The appellant's antecedents

  1. At the time of the offence, the appellant was 39 years of age.  Although born in Canada, he was raised in Perth.  He was happy and healthy as a child and did well at school.  After leaving school, he studied surveying at TAFE and worked in that field for about nine years.  During that time, he met and married his ex‑wife with whom he has three children.  Eventually he and his ex‑wife separated.

  2. The appellant's criminal history shows that in 1990, he was convicted of offences of being on premises without lawful excuse and breach of a restraining order in relation to a former partner or girlfriend.  In 2001, and then later in 2004, in Victoria, the appellant was convicted of offences in relation to his ex‑wife including breaching an intervention order, stalking and burglary.  In 2007 and early 2008, the appellant was convicted of offences of breaching a violence restraining order in relation to Ms Neilson.

The appellant's mental condition

  1. Apart from an episode of depression following the appellant's separation from his ex‑wife, the appellant does not appear to have a history of mental illness prior to the offence.  In a report provided by a clinical psychologist Dr Serene Tay, dated 15 February 2008, which was prepared for the magistrate who sentenced the appellant for breaching a violence order which protected Ms Neilson, she noted that the appellant reported no medical or psychiatric issues in the past.

  2. However, for some time before the offence, the appellant had insomnia and was taking excessive doses of an over‑the‑counter antihistamine called Phenergan, the main ingredient of which is promethazine.  Studies into this drug have revealed that overdose can cause delirium and psychosis.  I note that in his interview with police the appellant did not mention symptoms of delirium and psychosis.  Nor, apparently, did he mention such symptoms when he was seen by Professor Paul Skerritt, a psychiatrist, on 6 September 2008.

  3. The sentencing judge had before him five psychiatric assessments of the appellant, all of which were performed after the commission of the offence.  Two of them, one by Dr J R Jayawardana, which is undated, but appears to have been written in December 2008, and one by Dr Schineanu dated 24 February 2009, do not refer to the appellant's mental condition at the time of the offence.  For present purposes, these reports can be put to one side. 

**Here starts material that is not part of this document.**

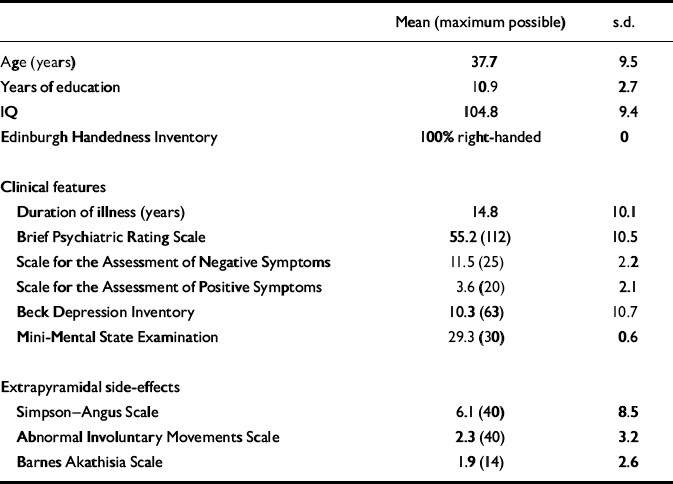 Thirty-two patients were approached and 21 agreed to participate following a full explanation of the study. Nineteen of these satisfied detailed assessment of the inclusion and exclusion criteria. Participants underwent psychiatric (Brief Psychiatric Rating Scale; Reference Overall and GorhamOverall & Gorham, 1962; SANS; Scale for the Assessment of Positive Symptoms; Reference AndreasenAndreasen, 1984; Beck Depression Inventory; Reference Beck, Ward and MendelsonBeck et al, 1961; Mini-Mental State Examination; Reference Folstein, Folstein and McHughFolstein et al, 1975), physical (including an electrocardiogram) and neuropsychological assessment (Simpson-Angus Scale; Reference Simpson and AngusSimpson & Angus, 1970; Abnormal Involuntary Movements Scale; Reference GuyGuy, 1976; Barnes Akathisia Scale; Reference BarnesBarnes, 1989).

  4. Three reports were provided to the sentencing judge which dealt with the appellant's psychiatric condition at the time of the offence.  These reports were from Professor Paul Skerritt dated 11 September 2008, Dr Zdenek Srna dated 9 July 2009 and Dr Sam Febbo dated 28 October 2009.  I will deal with each of these reports in turn.

  5. Professor Skerritt thought that the appellant had a personality disorder, but no psychiatric condition which had any causal connection to his offending.  Professor Skerritt did not think that the appellant was suffering from bipolar disorder.  He said:

    I think that his personality was of possible participation of some anxiety leading to a state, perhaps not quite a dissociation but of impaired self‑control when he committed the alleged [offence].  His tendency to overvalue the relationship with [the complainant] was related to these personality characteristics and a contributor [to] the commission of the alleged offence.  This provides some understanding rather than a formal defence.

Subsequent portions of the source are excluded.